May 12, 2023, 11:24:18 AM5/12/23

to GnuBee

I've got the OOM issue figured out now, and it's not a bug; it's an
actual legitimate OOM situation. I feel kinda silly now - it's pretty
obvious in hindsight. md/stripe_cache_size uses memory, and
increasing it uses more memory. Turns out the GnuBee's 512M RAM is
enough for one array w/ 8192 md/stripe_cache_size, but not two -
trying to set the second array to the larger stripe_cache_size uses up
all the memory, and triggers a legitimate OOM. Also obviously swap
space won't help here.

The light bulb went on for me when I was testing: I'd switched one of
the two raid6 arrays to raid10 & had it running as GNUBEE-ROOT, the
other raid6 I kept for testing, re-adding the missing drives so it's
not degraded any more. Setting 8192 md/stripe_cache_size worked w/out
triggering OOM, same as before for a single array.

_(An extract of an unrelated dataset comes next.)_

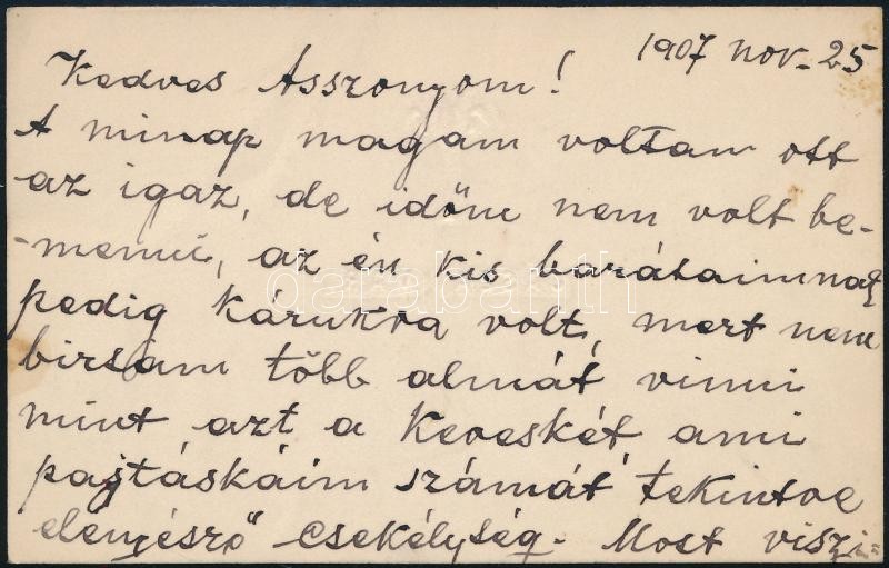 cca 1900 Jászai Mari (1850-1926) szÃnésznÅ‘ saját kézzel Ãrt sorai névjegykártyáján Kedves Asszonyom! megszólÃtással, valószÃnűleg Hermann Leontinnak, GerÅ‘ Ödön művészeti újságÃró, szerkesztÅ‘ feleségének, melyben arról Ãr, hogy nem tudott elég almát vinni a gyerekeknek, de cselédje pótolni fogja
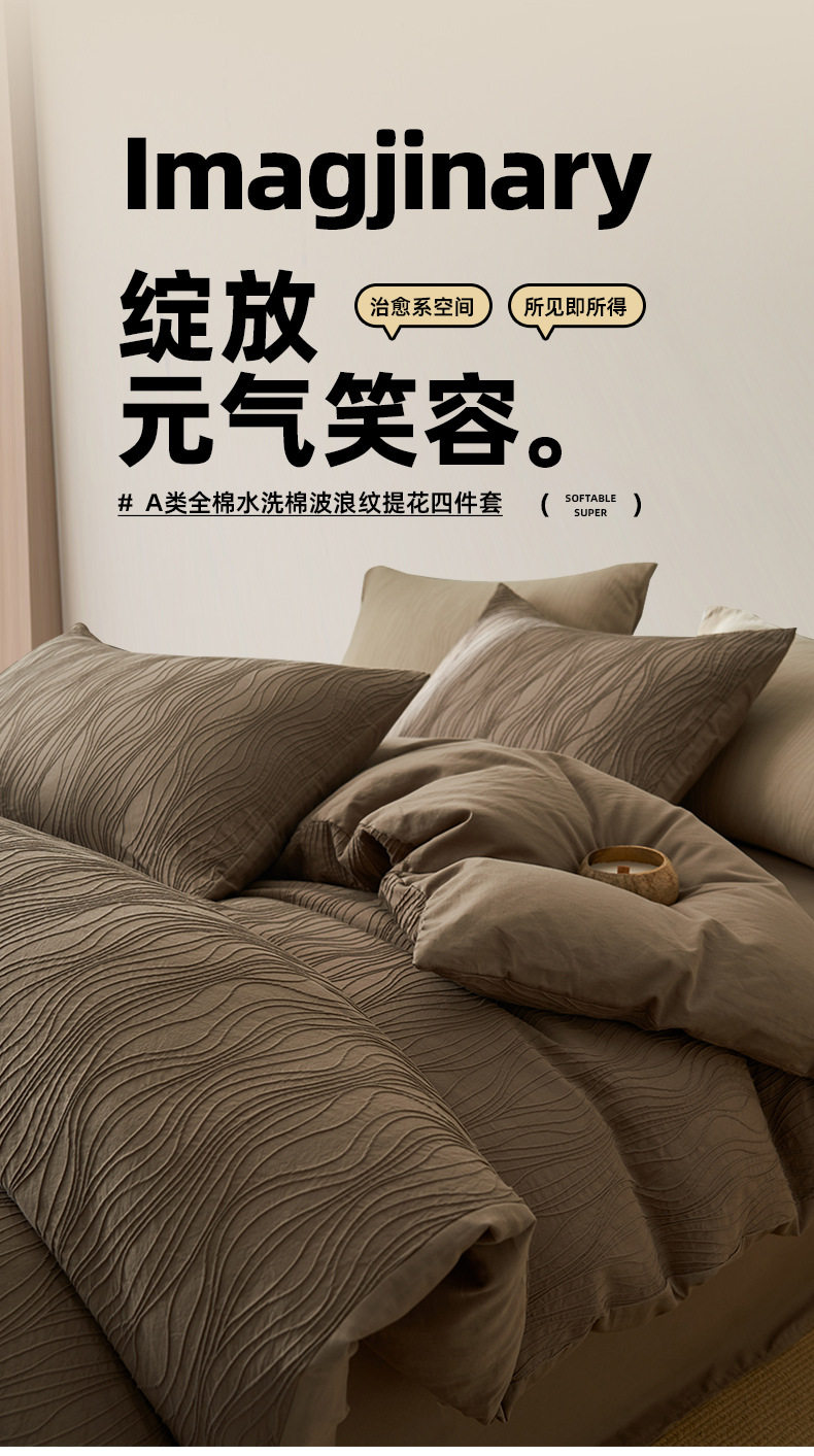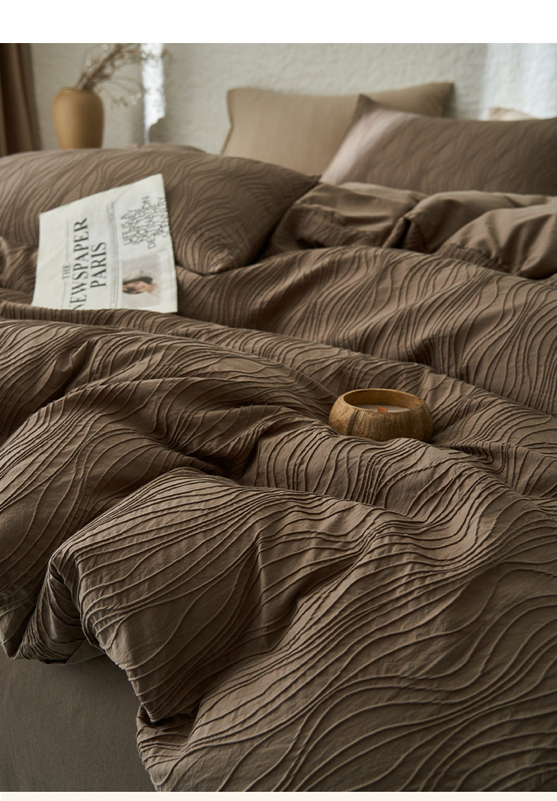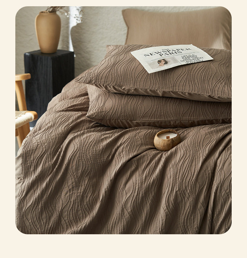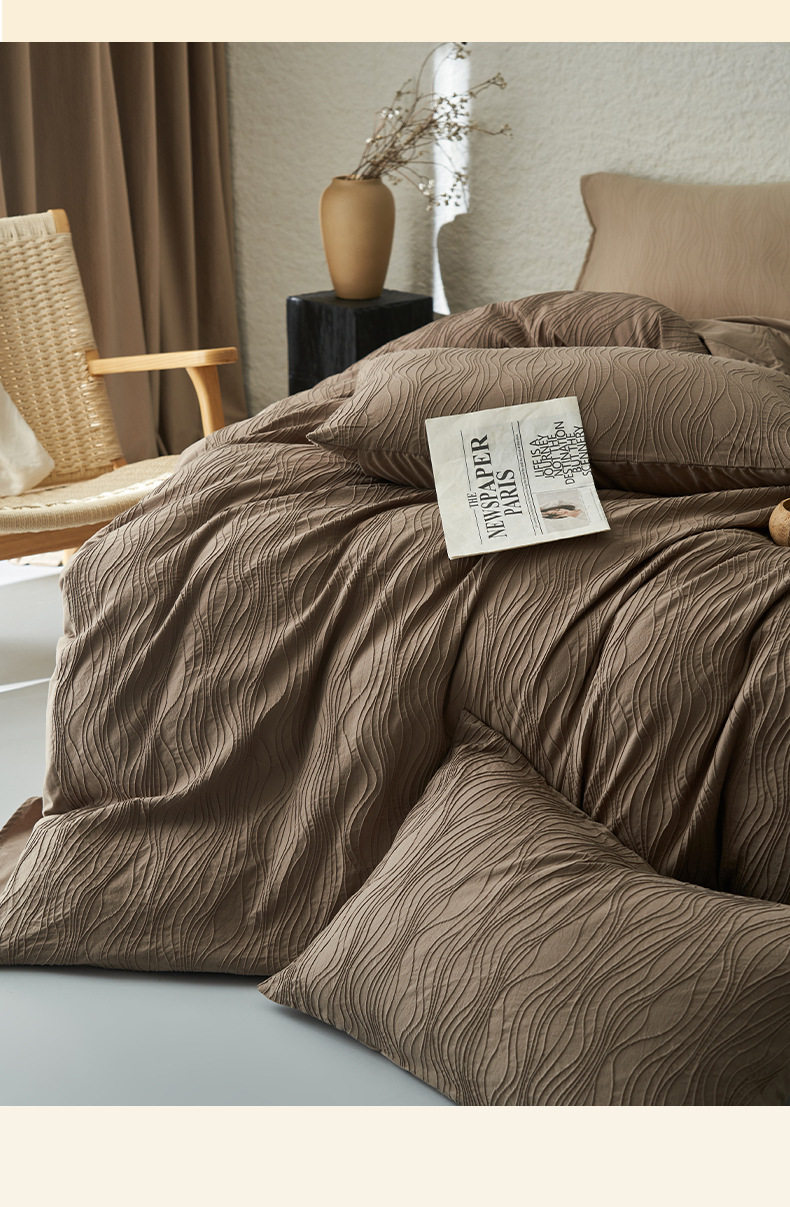 Category A Simple High-grade Jacquard Cotton Bed Four-piece Set Cotton Double-layer Yarn Quilt Cover Bed Sheet Light Luxury Bedding 4

Then I created a new raid5 array for testing w/ two arrays w/
md/stripe_cache_size, and when I tried `echo 8192 >
/sys/block/md124/md/stripe_cache_size`, it did trigger the OOM. But
to my surprise this time it actually managed to recover from the OOM -
and checking `cat /sys/block/md124/md/stripe_cache_size` showed 7184 -
not the 8192 I had echoed into it. And that's when the light bulb
went on.

To confirm, I kept the first array at 8192 & set the second array to
512, then doubling to 1024, 2048, and 4096, and checking free memory;
it succeeded each time, w/ less free memory. I kept increasing at
smaller intervals, until 7168 succeeded, showing 8M free memory, and
the next test at 7680 triggered the OOM.

So now I'm happy I understand what was triggering the OOM, and it's
not a bug. I'm just going to leave the OMV udev rule disabled (w/
dpkg-divert to prevent it getting installed again), and stay at the
default 256 stripe_cache_size.

Thanks,
Conway S. Smith

P.S.
Here's some of my testing, getting close to but not triggering the OOM.

root@GnuBee0 ~# cat /sys/block/md12?/md/stripe_cache_size
256
256